“Will you please grab the pajamas in Jaxton’s drawer before you put that pile away?” I shouted as my mom walked toward my boys’ room with a freshly folded stack of pjs.
We had folded what seemed like thirty loads of laundry that evening. (I’d like to pause for a brief moment of gratitude for moms everywhere who still show up and help fold our laundry when we’re thirty years old.)
We weren’t just washing and putting the clothes away that night. I was right in the middle of sorting through the clothes that didn’t fit my kids anymore. Specifically, I was tired of cramming clothes into my two-year old’s drawer when he only wore about three of the pajama sets in there.
My mom came back with arms full of colorful pjs… Batman and tractors and police cars, some of them shirts and pants, and others of them footy pajamas with the little feet attached – all mostly hand-me-downs from his big brother.
I quickly answered as my mom held up each one.
Good. Too small. Keep it. Donate. Donate. Donate.
She held up a pair of footy pajamas… with the feet cut off. So, I guess they weren’t really footy pajamas anymore.
What about these?
Those were Kolton’s, I answered.
I thought back five years earlier to the night I had cut the feet from the 2T jammies. My oldest (who is now nearly seven) had climbed up into my lap to read our bedtime story.

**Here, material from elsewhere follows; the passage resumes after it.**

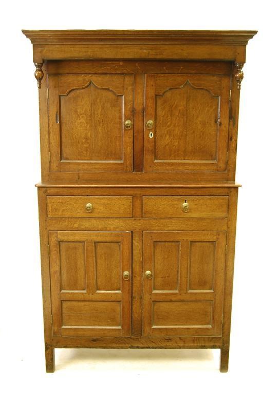 A late George III oak cwpwrdd dueddarn, the canopy with turned pendants above a pair of ogee panelled doors, above two frieze drawers and a pair of triple panelled cupboard doors, fitted later brass ring handles, 71.25in (181cm) h, 43.25in (110cm) w, 20in (51cm) d. Back left foot off but present.

“Too tight, Momma,” he told me as he pointed to his toes. I had helped him slip them off, and we walked together to the kitchen. I found a pair of scissors, and he watched curiously as I carefully cut the feet from the too small pjs. I wasn’t new to cutting the feet from jammies. My daughter always hated having her feet covered at night. I had cut the feet from many pairs of pjs. But that night, as I cut the feet from my son’s, I remember thinking that it would buy me some time – and it did. We got a few more months out of those little pajamas before I tucked them into the attic for my “someday” baby.
But as my mom held up the footless footy pajamas that my “someday” baby had already outgrown too, the baby we know is our last, I cried.
“We can get rid of those,” I said through tears. “Just let me take a picture first.”
I laid them out on the kitchen counter and snapped a photo wondering why I was so attached to them.
Sometimes they are just pajamas, and sometimes they are a reminder of a season that we can’t hold onto. They make obvious the truth that we have stretched the time as far as possible. We have squeezed as much life out of that season as we could, and time is moving on no matter how we feel about it. They are a reminder that we cannot contain these little years (or any of the years).
They might look like a pair of raggy old jammies. But when we cut the feet off of their pajamas, we aren’t just reminded of the days we can’t get back. We must face the fact that we are all growing around here, and before we know it, we will have stretched our time as far as we could.
Before bed tonight, a simple reminder for us to love our kids in their jammies as hard and fully and as right now we can. Time only moves one way. The only choice we have is to stay present.